Les arnaqueurs profitent d’ailleurs souvent d’événements majeurs, qui suscitent l’intérêt d’un grand nombre de personnes, pour entrer en action. La guerre en Ukraine a ainsi donné lieu à une démultiplication des arnaques : faux appels aux dons en cryptomonnaies, à grand renfort de photos chocs de bâtiments détruits et d’enfants en pleurs, faux projets de jetons numériques pour soutenir des associations humanitaires ou l’armée ukrainienne, ou encore usurpation de l’identité d’organisations venant en aide aux victimes de la guerre, récoltant des fonds grâce à la vente de NFTs.
Les arnaques peuvent aussi venir de levées de fonds en cryptomonnaies, bien que les ICO (initial coin offering) soient devenues moins courantes, en raison notamment du contexte de chute des cours sur le marché crypto depuis novembre 2021. Pour éviter d’investir dans une ICO frauduleuse, il est indispensable de faire vos propres recherches.
“Vous devez vérifier le parcours des personnes à l’origine d’un projet, en regardant si elles ont un compte Twitter, un profil Linkedin qui n’affiche pas seulement deux brèves expériences et une photo très lisse”, détaille Paul Bourceret de Coinhouse. Le site de l’entreprise doit aussi apporter des informations sur le produit ou le service qu’elle développe.
La société doit toujours mettre un white paper (livre blanc) à disposition, fourni et clair. “Si le white paper d’un projet révèle peu d’informations sur son véritable objectif et que vous en comprenez de moins en moins bien la teneur au fur et à mesure de vos recherches, alors vous devez rester sur vos gardes”, prévient la plateforme BitPanda, enregistrée comme PSAN auprès de l’AMF.
Il faut également se méfier du démarchage via des services de messagerie instantanée, comme Telegram et Discord, très utilisés dans l’écosystème crypto pour échanger sur des projets et suivre leur évolution.
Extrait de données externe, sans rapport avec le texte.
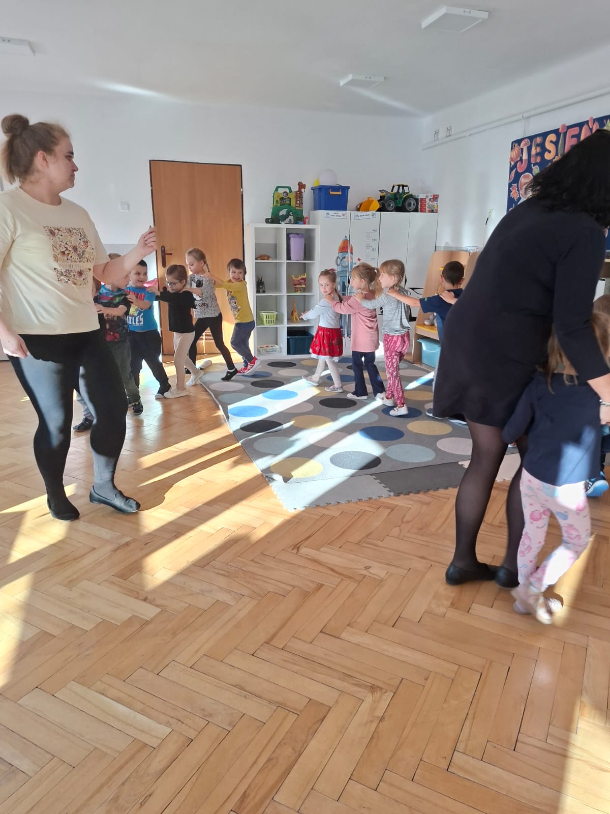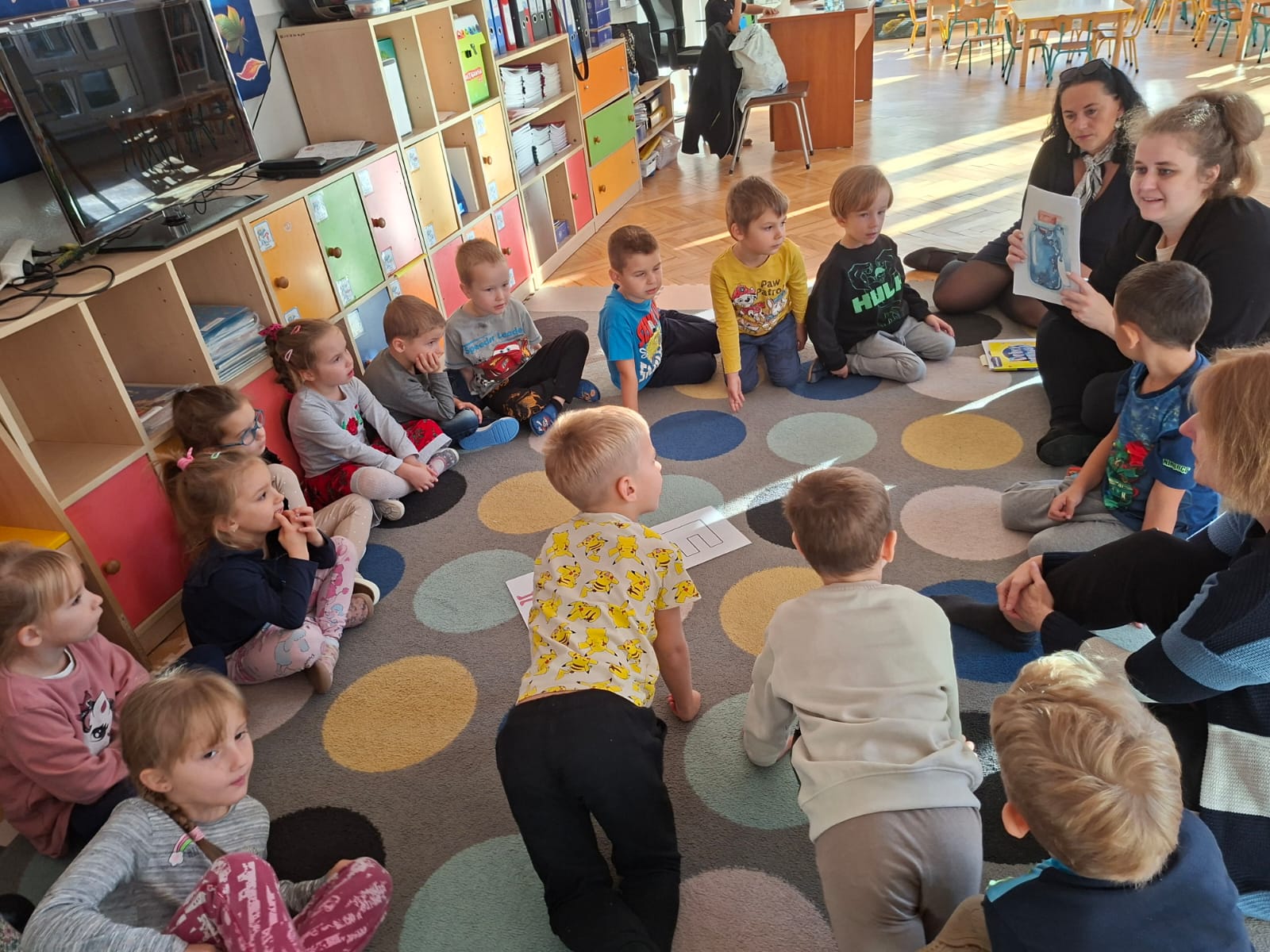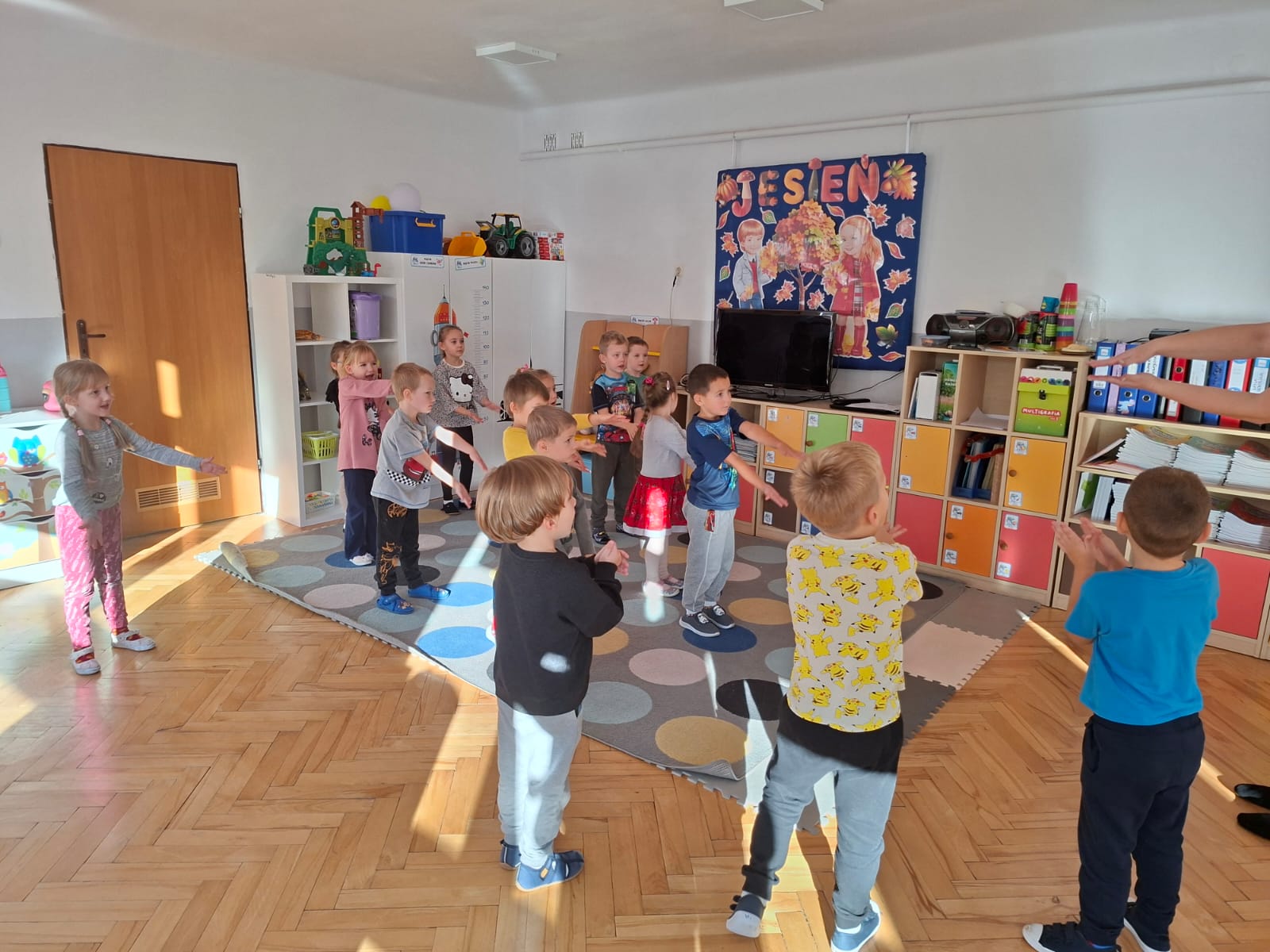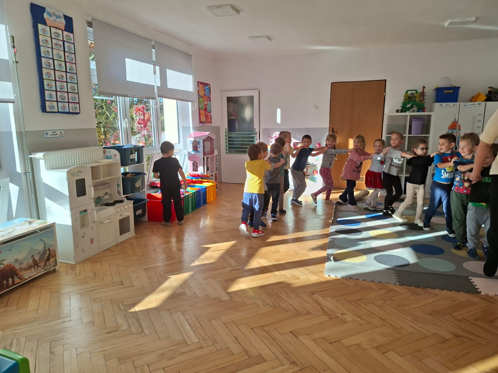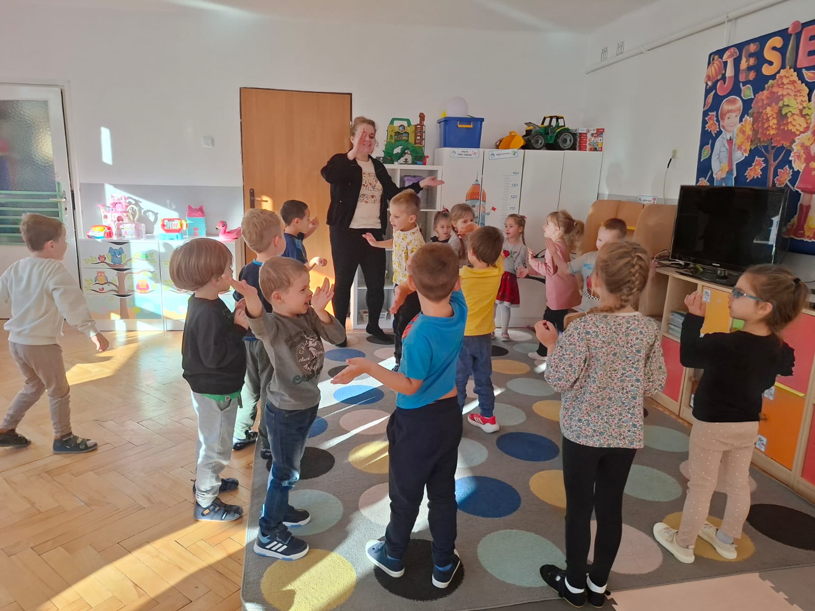 Smerfy brały udział w zabawie matematycznej " Ile nóg ma stworek?"; " Czwarty - bum"; " O ile wyższy?" oraz w zabawie ruchowej " E jak elf"; " W czwórce siła" ; " Stworki na pogodę i niepogodę".

Ils représentent aussi un canal pour des escrocs, qui y publient des annonces d’airdrops frauduleux. Un airdrop consiste à distribuer gratuitement des jetons d’une cryptomonnaie pour en faire la promotion.
Or ce mécanisme peut être utilisé pour proposer des jetons à récupérer sur un site prélevant des frais très élevés. Les jetons acquis n’auront eux aucune valeur et seront impossibles à échanger contre d’autres cryptomonnaies. Pour éviter d’être victime d’une arnaque, il ne faut donc pas se précipiter sur n’importe quelle annonce d’airdrop, surtout lorsqu’elle est communiquée via un service de messagerie instantanée. “Jamais une personne derrière un projet sérieux ne viendra vous solliciter de cette façon sur Telegram”, explique Paul Bourceret de Coinhouse.
Enfin, la finance décentralisée (DeFi), qui représente l’ensemble des applications financières se développant sur la blockchain, est de plus en plus ciblée par des escrocs. Sur les 3,2 milliards de dollars de cryptomonnaies volés en 2021, “72% l’ont été sur des protocoles DeFi”, précise Kimberly Grauer, directrice de la recherche de Chainalysis, spécialisée dans les données sur la blockchain. “Comme pour toute nouvelle technologie, les acteurs malveillants n’ont pas tardé à trouver et exploiter les vulnérabilités”, ajoute-t-elle.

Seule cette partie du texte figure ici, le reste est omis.